As a kid I grew up listen to stories on both sides of my family about the war. It was always The War. Of course my family meant WWII. It was real to my family, not just some newsreel or stories that had been handed down. Grandfathers, Fathers, Uncles, Brothers, Cousins and Friends all had first hand knowledge of The War. In my family I think my Beloved Great Grandmother known to all as little Gram suffered more than most. Her husband had survived the Great War, but then she was asked to give up her sons for the Second World War. They all came back, except one.
Warrant Office Class I Gerard McEachern, Royal Canadian Airforce, killed in action over the North Sea, 19 May 1943.
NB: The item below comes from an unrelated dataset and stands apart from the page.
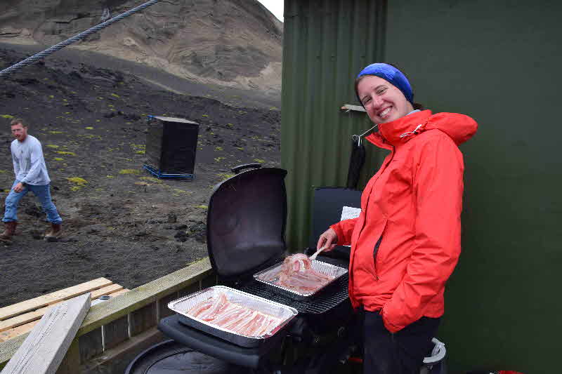 Barbara Kleine, our postdoc in fluid geochemistry, helps out with a critical component of dinner -- bacon -- as our DES drilling supervisor, Beau Marshall, walks by.

He had finished his tour of duty but took one last flight for a buddy who was too sick to go. I heard stories of how my Gram knew it happened before she received the telegram. The story goes, her son came to her in a dream and by morning her hair was white. My family is filled with story tellers. True, we embellish things. I am not sure of the actual details surrounding this momentous event but I know it changed her. How could it not? When a mother loses a child a giant part of her heart is ripped from her chest and she dies a little bit that day. His picture was always on her dresser when I came to visit. She always commented on my curly hair, just like his. But she never told me any stories about him. I heard all kinds of crazy stories about the rest of her children, 5 in all, but never about Gerard. I imagine the pain in remembering made her chest wound open up and bleed. As a child, I never understood. Of course I thought I did, of course I was wrong. As a mother I can’t even begin to imagine the pain she went through. Then one day last year, I could almost imagine. We were in Belgium visiting Ypres. The Meinin Gate was the destination.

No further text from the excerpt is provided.